The distress of untreated pain
Wednesday, 17th January, 2018
FOUR out of five aged care residents are living with chronic pain yet half are being left to suffer because of inadequate treatment, or no treatment at all.
Many residents with dementia are unable to verbalise their pain levels to staff. Their untreated torment can cause disruptive behaviours leading to the use of chemical (psychotropic drugs) or physical restraints.
This hellish vision comes from advocacy group Painaustralia, which earlier this year made a submission to the Review of National Aged Care Quality Regulatory Processes set up by the federal government after shocking cases of abuse at the Oakden Dementia Unit in South Australia were made public.
However, the organisation is disappointed that pain management was ignored in the review’s final report.
Painaustralia says more than half of all aged care residents have dementia, with two in three requiring high-level care to manage behaviours. “This suggests a great deal of pain goes unacknowledged or treated in aged care facilities due to dementia and cognitive impairment reducing the capacity for appropriate detection.”
The organisation said many aged care staff received no training in pain assessment; and when pain was assessed there was too little allied health support.
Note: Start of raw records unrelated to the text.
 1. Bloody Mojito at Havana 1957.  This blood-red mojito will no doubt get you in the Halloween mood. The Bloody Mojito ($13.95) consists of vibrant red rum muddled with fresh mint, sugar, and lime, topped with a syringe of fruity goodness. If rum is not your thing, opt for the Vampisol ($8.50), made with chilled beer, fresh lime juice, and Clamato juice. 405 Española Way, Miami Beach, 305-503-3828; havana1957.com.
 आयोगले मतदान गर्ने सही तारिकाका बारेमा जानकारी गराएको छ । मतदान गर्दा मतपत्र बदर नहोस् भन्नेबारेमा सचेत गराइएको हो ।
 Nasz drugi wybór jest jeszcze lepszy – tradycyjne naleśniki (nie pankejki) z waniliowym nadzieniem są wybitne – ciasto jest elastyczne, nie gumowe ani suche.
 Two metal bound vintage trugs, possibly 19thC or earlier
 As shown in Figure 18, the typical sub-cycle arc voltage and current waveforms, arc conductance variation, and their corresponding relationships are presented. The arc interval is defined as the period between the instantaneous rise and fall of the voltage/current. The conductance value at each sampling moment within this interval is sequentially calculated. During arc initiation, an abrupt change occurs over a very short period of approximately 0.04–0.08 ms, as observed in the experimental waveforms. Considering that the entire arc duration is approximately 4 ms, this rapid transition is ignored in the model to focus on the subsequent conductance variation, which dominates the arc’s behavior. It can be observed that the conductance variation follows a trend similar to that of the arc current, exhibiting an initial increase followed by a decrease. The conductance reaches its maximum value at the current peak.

In addition, the government’s Aged Care Funding Instrument did not provide adequate funding for pain assessments and support of appropriate person-centred care plans.
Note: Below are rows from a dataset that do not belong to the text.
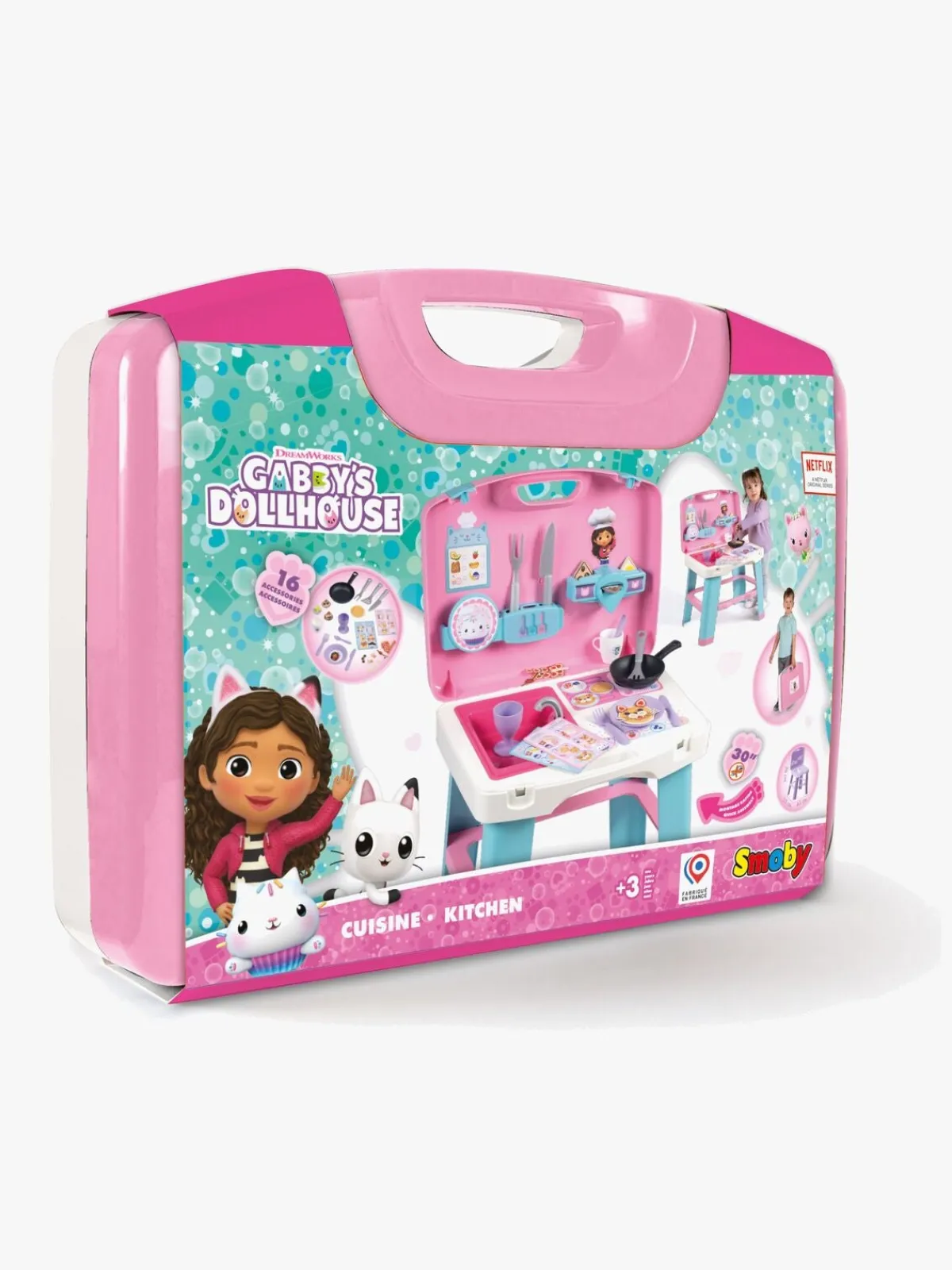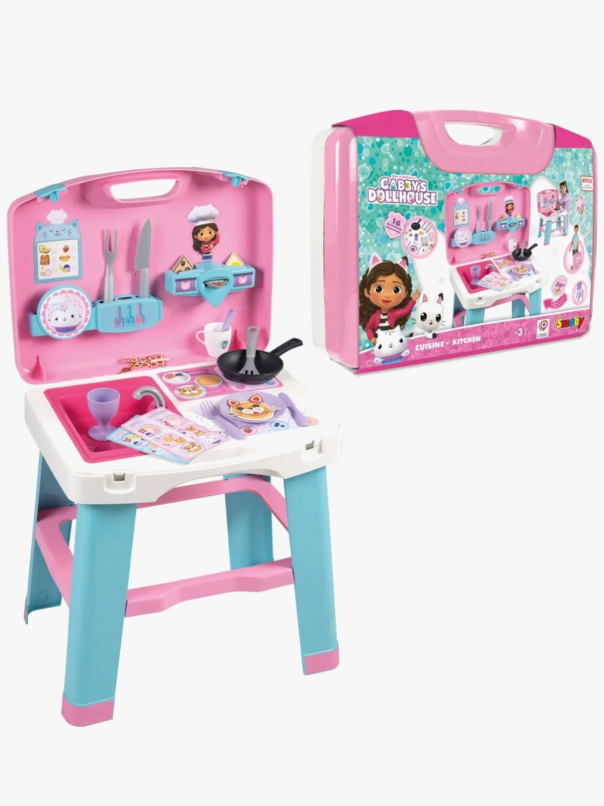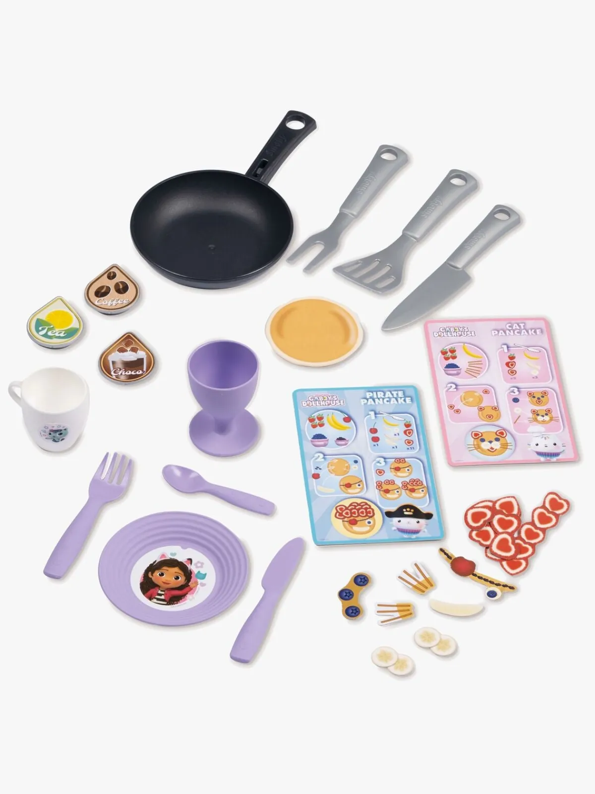 – Indeholder: 1 køkken, 1 stegepande, 1 pandekage, 1 kop, 3 kapsler, 3 køkkenredskaber, 1 tallerken, 1 bestiksæt, 2 opskriftskort, 1 fremstillet af glas.
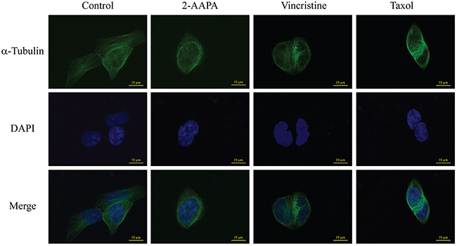Figure 6: 2-AAPA induces microtubule depolymerization in TE-13 cells. TE-13 cells were treated with the indicated concentrations of 2-AAPA for 5 h, followed by fixation, permeabilization and indirect immunofluorescent analysis with an anti-α-tubulin-FITC. Nuclei were stained with DAPI. Taxol and vincristine sulfate were employed as positive controls for microtubule stabilization and microtubule depolymerization, respectively. Fluorescent images were captured by an Olympus Fluoview FV1200 microscope. The data are derived from one of the three independent experiments.
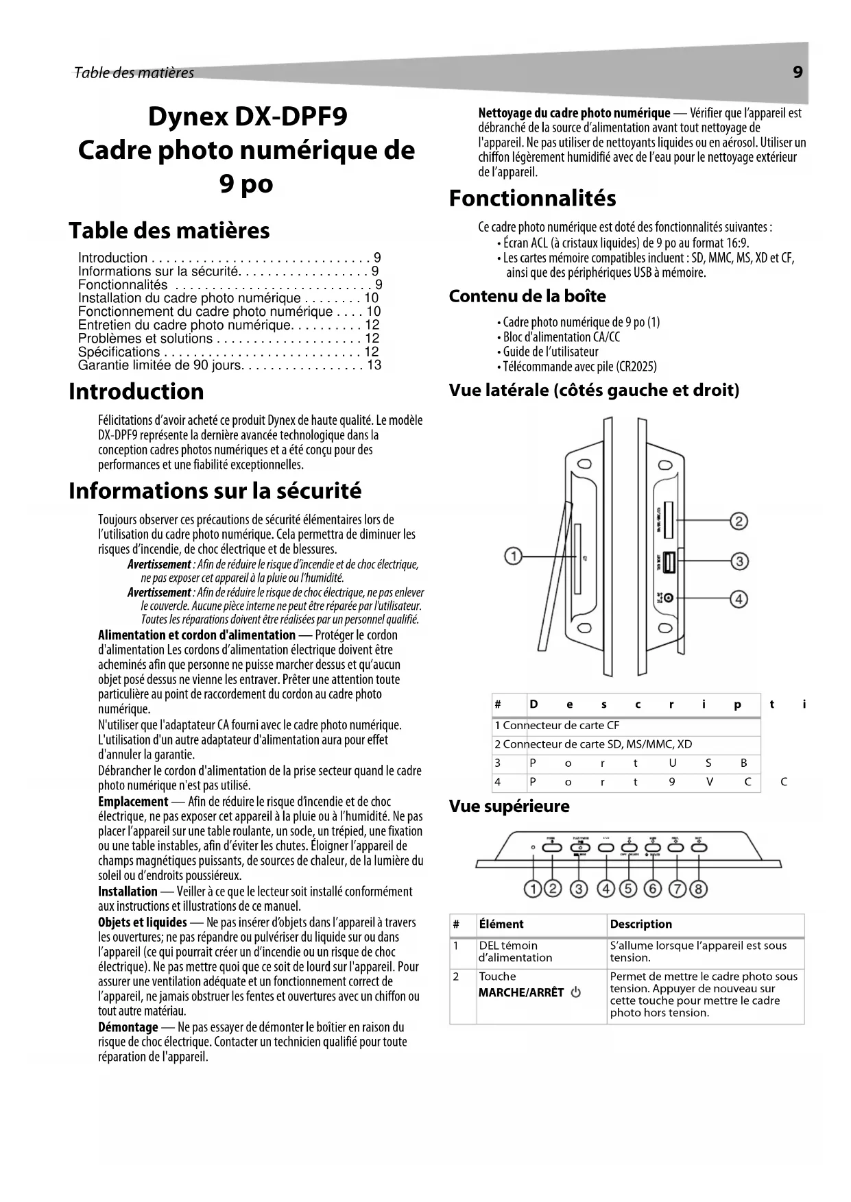 Félicitations d'avoir acheté ce produit Dynex de haute qualité. Le modele DX-DPF9 représentée la dernière avancée technologique dans la conception cadres photos numériques et a été consu pour des performances et une fiabilité exceptionnelles.

Painaustralia chief executive Carol Bennett said untreated pain not only impacted the resident but brought distress to the family and a greater burden of care on staff.
“While access to pain management is acknowledged globally as a fundamental human right and the Australian government recommends best-practice care for aged care residents, Australia’s aged care facilities are falling short of effective pain care,” the organisation’s submission to the review said.
Ms Bennett said it was “amazing” that the issue of pain was not addressed in such a major report talking about aged care quality.
“Our ageing population deserves more,” she said.
The Painaustralia submission identified five key issues:
- Inadequate education and training of residential aged care staff leading to under-reporting of pain
- Inadequate pain assessment reporting standards and protocols
- Insufficient support for allied health care and best-practice pain management
- Insufficient education about best-practice pain management for aged care residents
- Lack of a co-ordinated national approach
Pain a priority: minister
Aged Care Minister Ken Wyatt said ensuring best-practice pain management was a top priority and an integral part of the government’s response to both the National Aged Care Quality Regulatory Processes Review and Aged Care Legislated Review.
He said he was working with Pain Management Australia to help aged care providers further improve pain management. This will include developing guidance and fact sheets for providers and their staff.
Mr Wyatt said Commonwealth law requires approved providers to meet accreditation standards, which include the requirement to ensure all care recipients are as free as possible from pain.
However, opposition aged care spokeswoman Julie Collins said it was not good enough to have older people suffering untreated chronic pain. “Labor has said the Aged Care Funding Instrument is broken and the government needs to act,” she said.